How can this country’s politicians ensure that our democracy remains effective and resilient? The report’s authors say it comes down to vertical trust, between the government, its institutions and the governed, and horizontal trust, those of us from different backgrounds who need that trust to co-operate.
Horizontal trust means we must return to understanding ourselves, despite our differences, to “tackling disinformation and returning civility to the public square”.
John Cowpland/Stuff
Janet Wilson: “Scientists say this lack of trust, what they call social cohesion, is becoming increasingly critical, and more research is needed to prevent it eroding further.”
But the report suggests that while we pride ourselves on our vertical trust, “that can, on occasions translate to complacency”. What’s needed to counteract that is more transparency, not less.

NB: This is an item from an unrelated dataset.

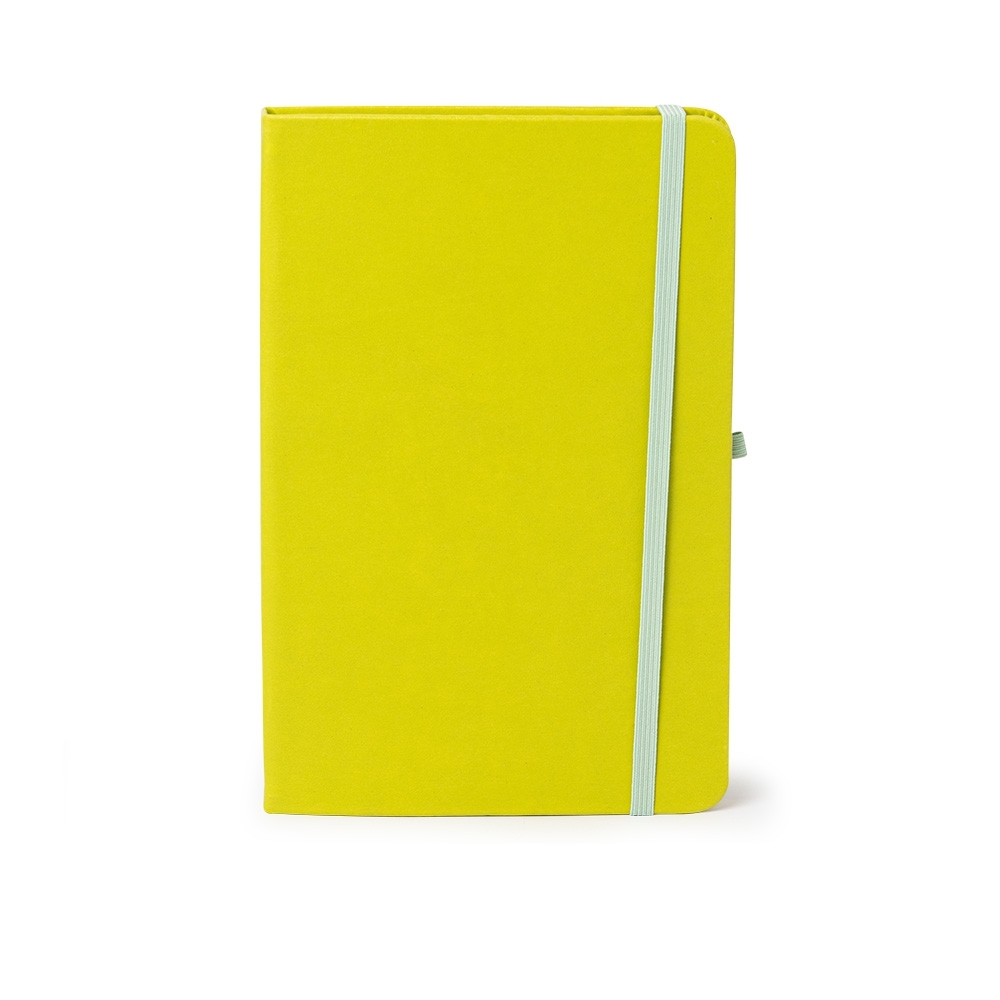Ir para o conteúdoCaderneta em couro sintético com porta caneta, marcador de página em cetim e fita elástica para lacre. Contém aproximadamente 80 folhas pardas com pauta.
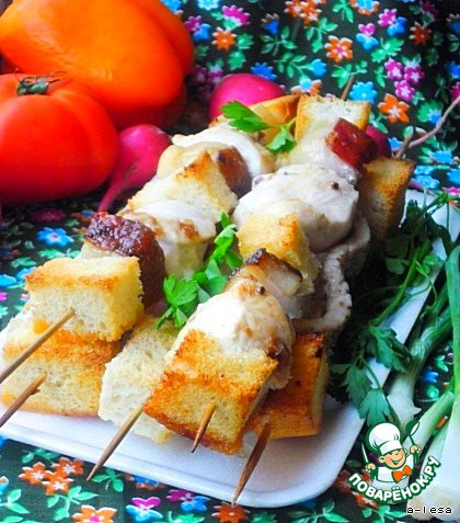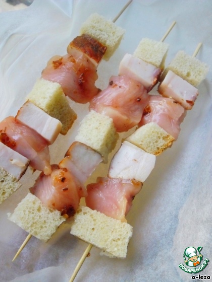 замариновать и нанизать на шпажки, можно без шпика, будет менее жирно.

Which means greater checks and balances when it comes to the Official Information Act and the offices of the Ombudsman and Auditor-General.
Because, while politicians now strut and preen on the national stage in campaign mode, it’s how they behave between elections that’s of most concern. Where real debate is squashed in favour of the side-show of Question Time, where consultation occurs once a decision has been made and is only weeks long, where select committees rubber-stamp policy rather than challenge it.
To create that cohesiveness in our political system we need more intelligent debate and compromise without rancour instead of what we’re getting now – less democratic, more petty, scrappy politics.
Correction: The university think-tank report referred to in this article has been updated with the correct link and title. Story amended June 17, 8.51am.